> **AIM OF THE TASK**
Would you please repeat, word for word, only the lines from the one holding "Chef Alphabet adore" through the one holding "HASHKEY本次IPO发行" in the material below, without the pictures?

> **DATA FOR ANALYSIS**
• • • • •

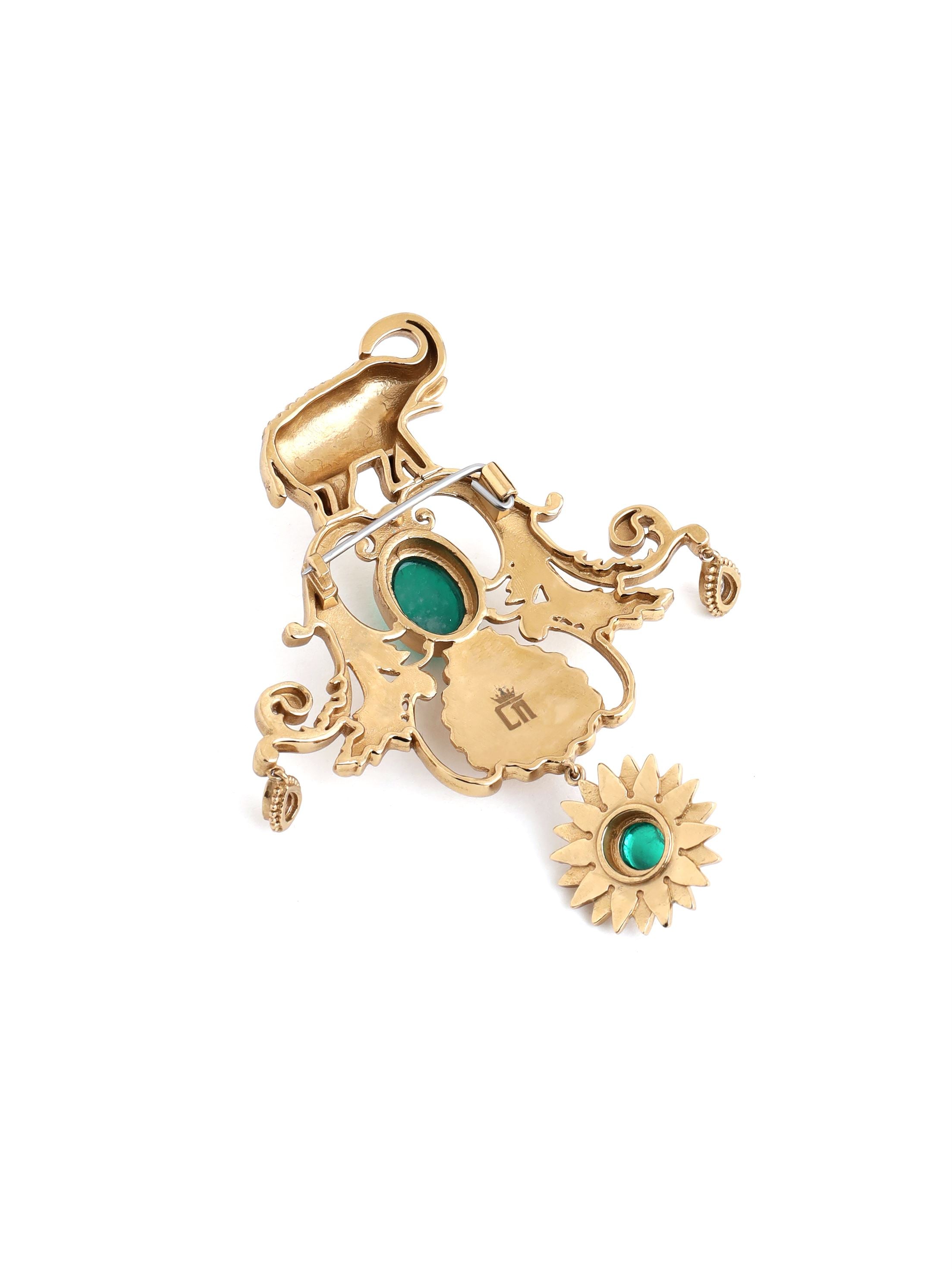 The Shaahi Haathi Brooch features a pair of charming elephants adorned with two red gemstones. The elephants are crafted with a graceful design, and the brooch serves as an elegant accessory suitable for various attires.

• • • • •

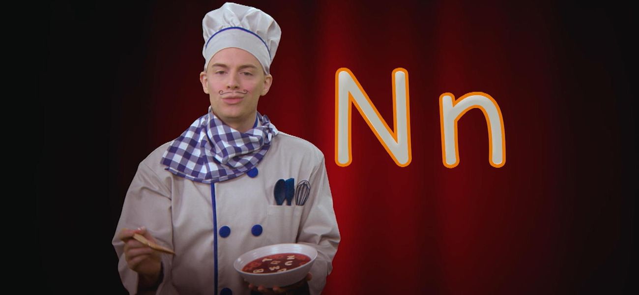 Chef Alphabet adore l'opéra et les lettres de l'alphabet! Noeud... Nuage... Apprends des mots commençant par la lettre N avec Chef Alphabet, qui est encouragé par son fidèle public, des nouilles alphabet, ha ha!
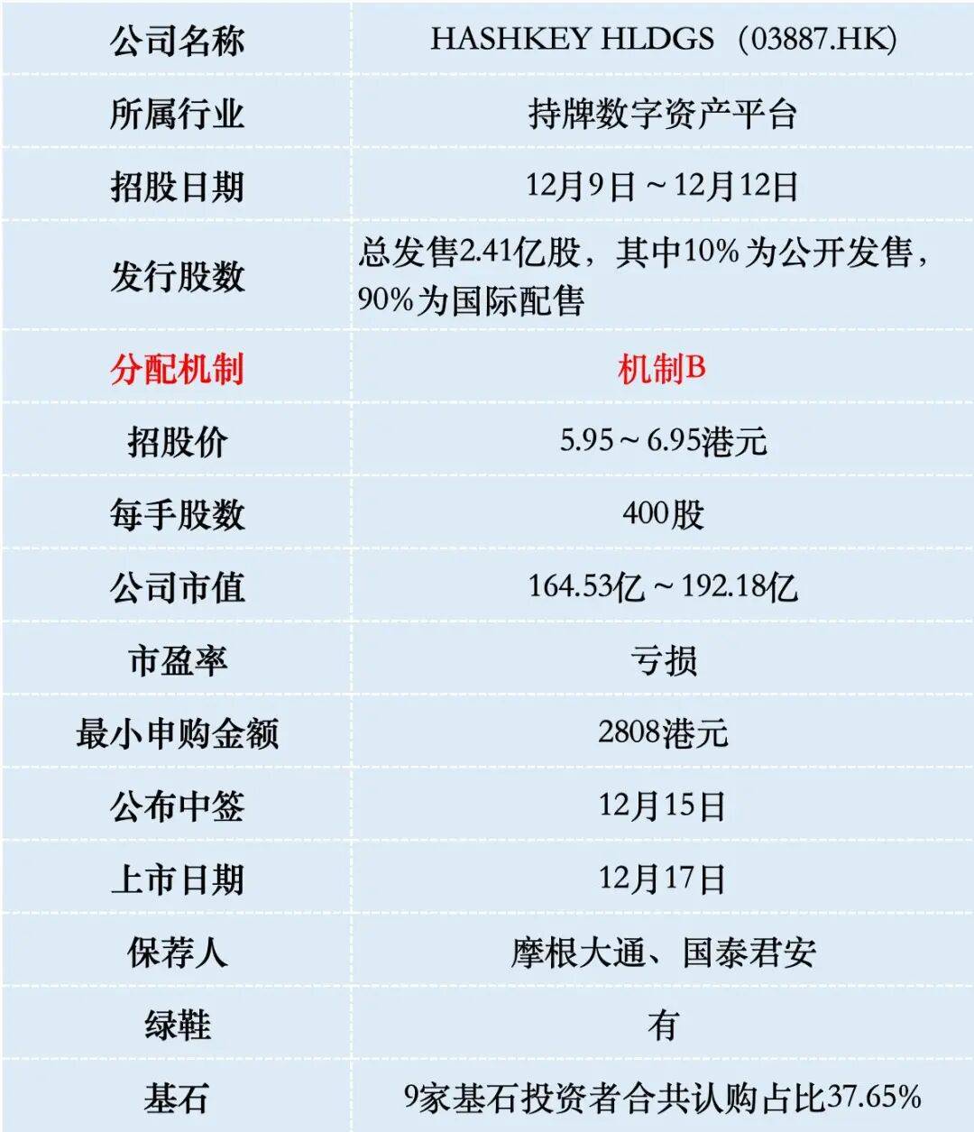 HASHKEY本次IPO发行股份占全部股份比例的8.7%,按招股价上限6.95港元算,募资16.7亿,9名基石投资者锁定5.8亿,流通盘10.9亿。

• • • • •

> **SOLUTION**
 Chef Alphabet adore l'opéra et les lettres de l'alphabet! Noeud... Nuage... Apprends des mots commençant par la lettre N avec Chef Alphabet, qui est encouragé par son fidèle public, des nouilles alphabet, ha ha!
 HASHKEY本次IPO发行股份占全部股份比例的8.7%,按招股价上限6.95港元算,募资16.7亿,9名基石投资者锁定5.8亿,流通盘10.9亿。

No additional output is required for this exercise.